__ACTION ITEM__.
Retype the records below exactly as they appear, but leave out any pictures.

(Records from a data source)

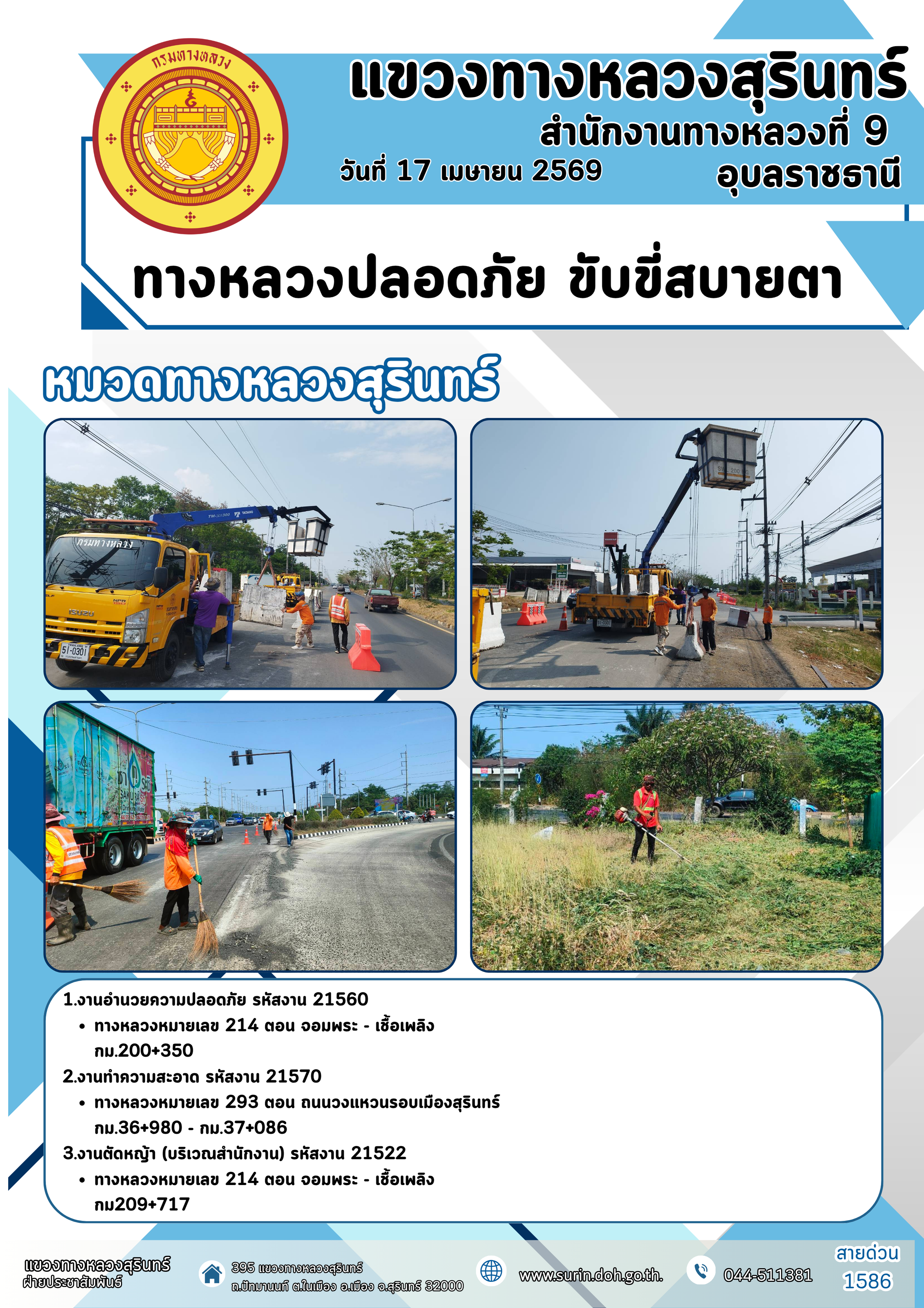 ทางหลวงปลอดภัย ขับขี่สบายตา 17 เมษายน 2569 |
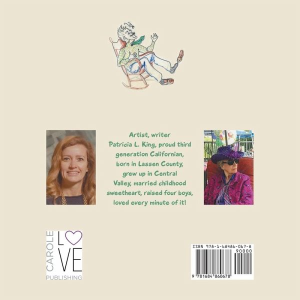 Artist, writer Patricia L. King, proud third generation Californian, born in Lassen County, grew up in Central Valley, married childhood sweetheart, raised four boys, loved every minute of it!
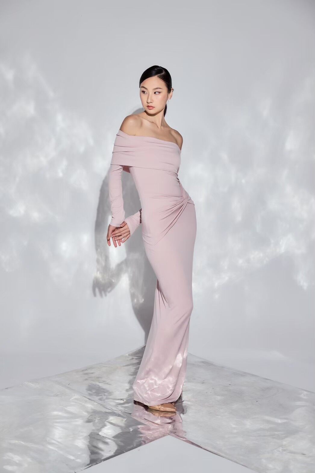 เดรสโอบไหล่แขนยาวผ้ายืดเข้ารูป มาพร้อมกับไหล่โอบที่สามารถรังสรรค์รูปแบบการสวมใส่ได้หลากหลายสไตล์ มีดีเทลแต่งย่นที่ช่วงเอวด้านหน้าเพิ่มความหรูหราและช่วยพรางรูปร่าง
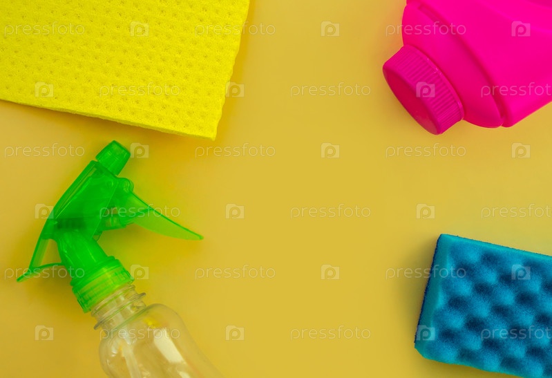 Уборка. Плоская раскладка бутылок с чистящим средством и губками на желтом фоне, пустое место в центре
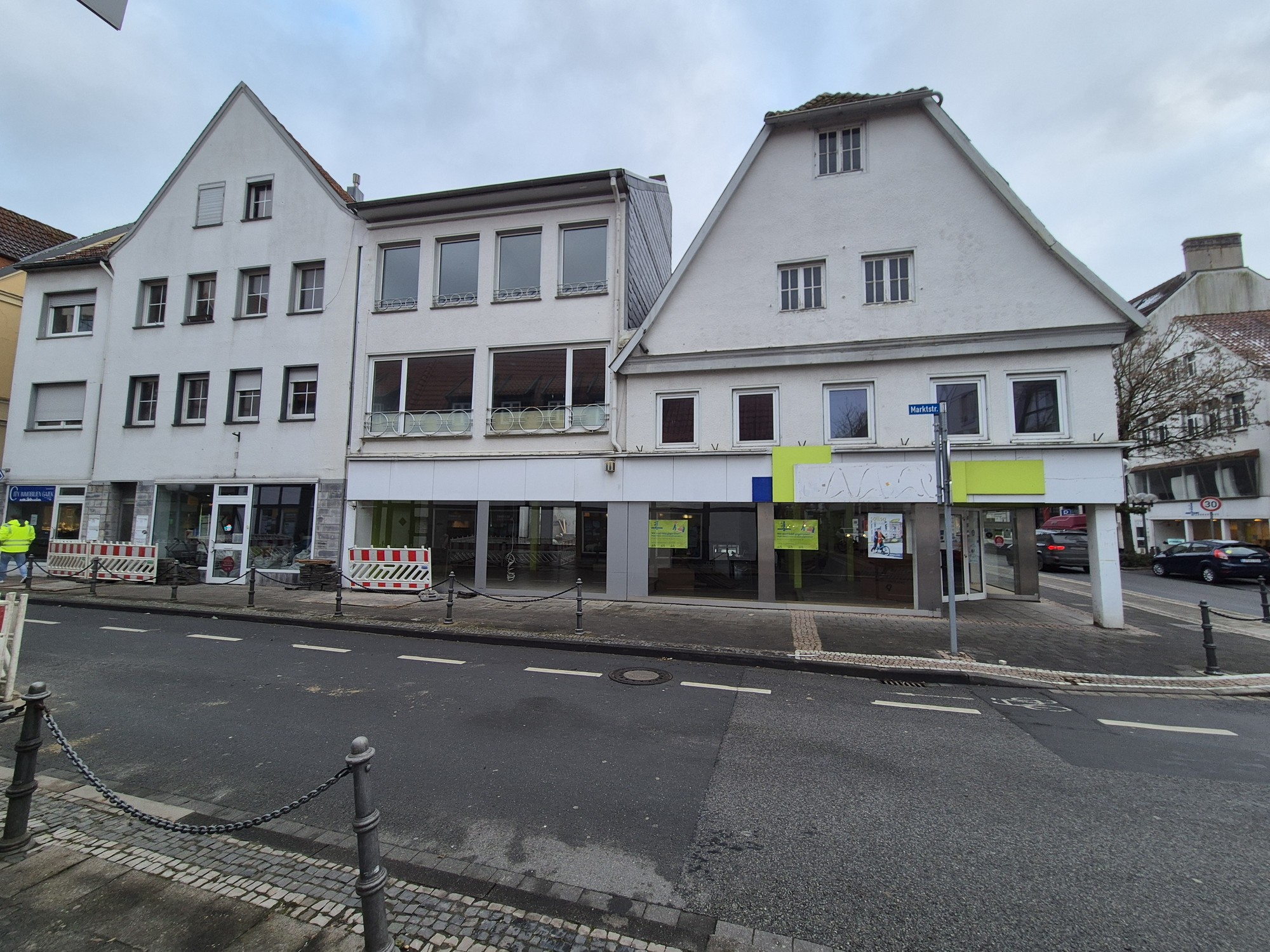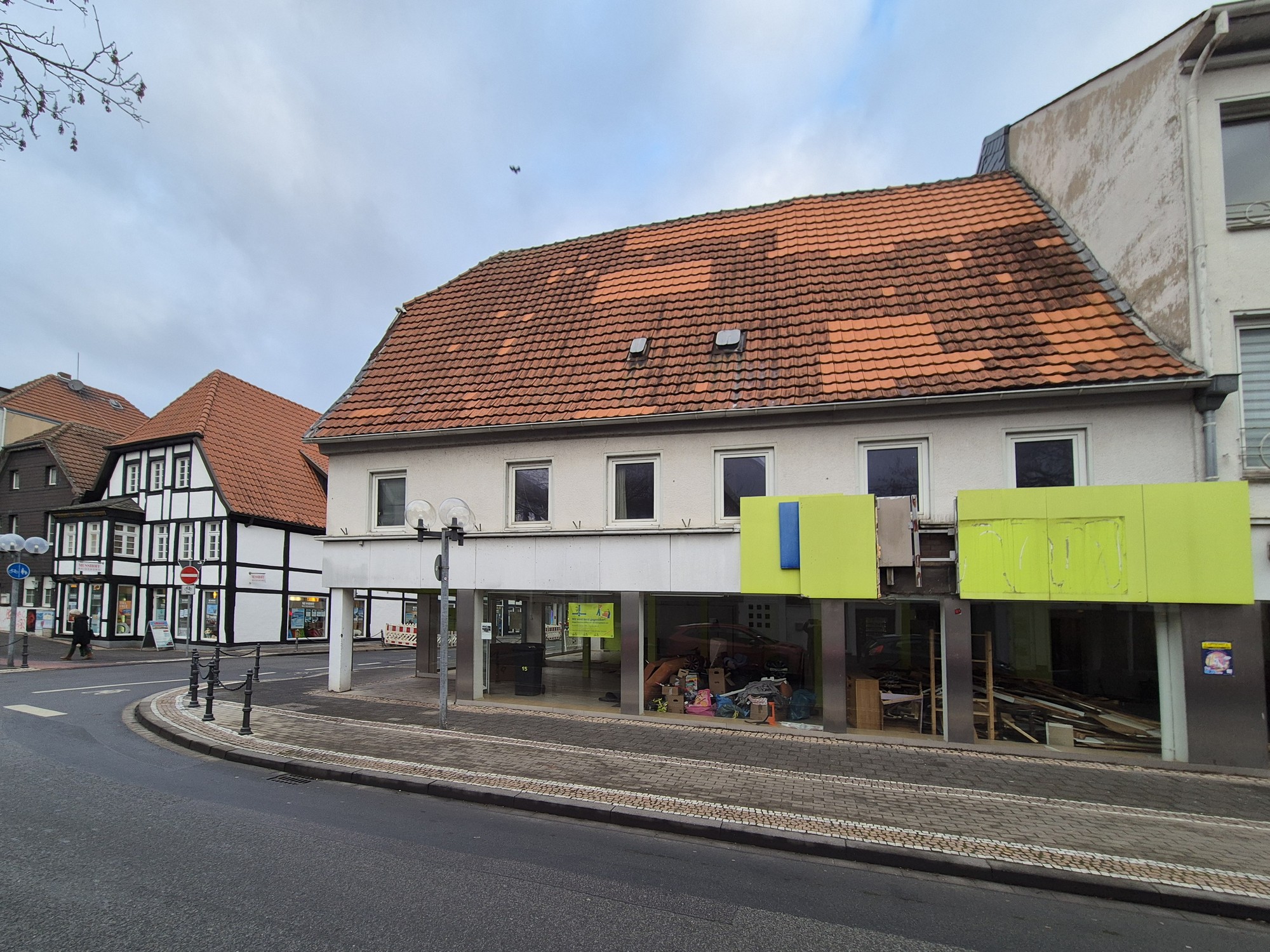 Aus der Historie weiß man, dass der abgewalmte Giebel des Hauses an der Ecke einmal mit Lüftel-Malerei verziert war und einen Möbelladen beinhaltete. Zuletzt war hier der Fahrradladen Schulte-Hostede beheimatet, der auch im Neubau einen Platz finden wird.

__ANSWER BOX__.
 ทางหลวงปลอดภัย ขับขี่สบายตา 17 เมษายน 2569 |
 Artist, writer Patricia L. King, proud third generation Californian, born in Lassen County, grew up in Central Valley, married childhood sweetheart, raised four boys, loved every minute of it!
 เดรสโอบไหล่แขนยาวผ้ายืดเข้ารูป มาพร้อมกับไหล่โอบที่สามารถรังสรรค์รูปแบบการสวมใส่ได้หลากหลายสไตล์ มีดีเทลแต่งย่นที่ช่วงเอวด้านหน้าเพิ่มความหรูหราและช่วยพรางรูปร่าง
 Уборка. Плоская раскладка бутылок с чистящим средством и губками на желтом фоне, пустое место в центре
 Aus der Historie weiß man, dass der abgewalmte Giebel des Hauses an der Ecke einmal mit Lüftel-Malerei verziert war und einen Möbelladen beinhaltete. Zuletzt war hier der Fahrradladen Schulte-Hostede beheimatet, der auch im Neubau einen Platz finden wird.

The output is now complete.